That one of the TEDTalks encourages the study of psychotropics, something with which I totally agree, seems great as the law idiotically blocks that research (not science by the way but conservative politics). To connect that to the belief that they expand consciousness where consciousness is god and to use that to show that miracles occur is nothing but adding god to science. It’s like those big bills in congress with all the little add ons that have nothing to do with the bill but pander to lobbying.
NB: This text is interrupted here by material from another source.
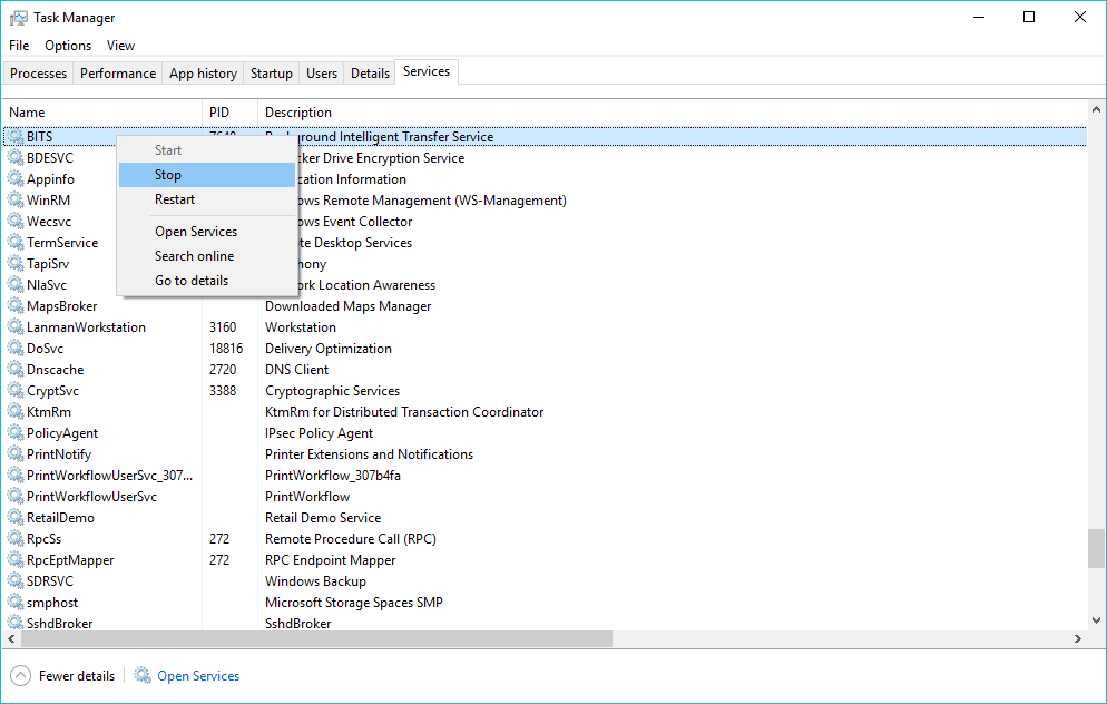 You can stop BITS services by going to Task Manager > Services > Right-click Background Intelligent Transfer Service (BITS). Now, click Stop . Doing this will stop the download.

If our incredulous reaction is militant atheism then Deepak and his ilk are militant pseudoscientists in publicly promoting their ideas in a forum that has by definition excluded them because they are not promoting science but hanging on to theology by merging bronze age mythology with modern physics and biology–nay, even totemism, and prototheology with quantum physics. Entanglement is god! This pantheism is no kind of recognizable or realizable god whatsoever. Certainly not the anthropomorphic entities and attributes then assigned to it. Fine, make a misnomer of natural laws as god but don’t assign them human or animal qualities. Indeed if there isn’t evidence that can be evaluated then it’s utterly solipsistic mysticism; if there is evidence then it is by their own definition within science and can be studied. What is mystical cannot be discussed because it is a dimension so out of reach we don’t even know it exists as it shows no sign of its existence.

This is egostical and arrogant fetishism. Haven’t we spent long enough trying to make the world better by discerning subnaturalism from naturalism? If myths worked I’d be the first to join. Oh, wait, like Susan Blackmore I did explore them and found them incredibly wanting on all levels but mental masturbation and false comfort that took me away from real solutions.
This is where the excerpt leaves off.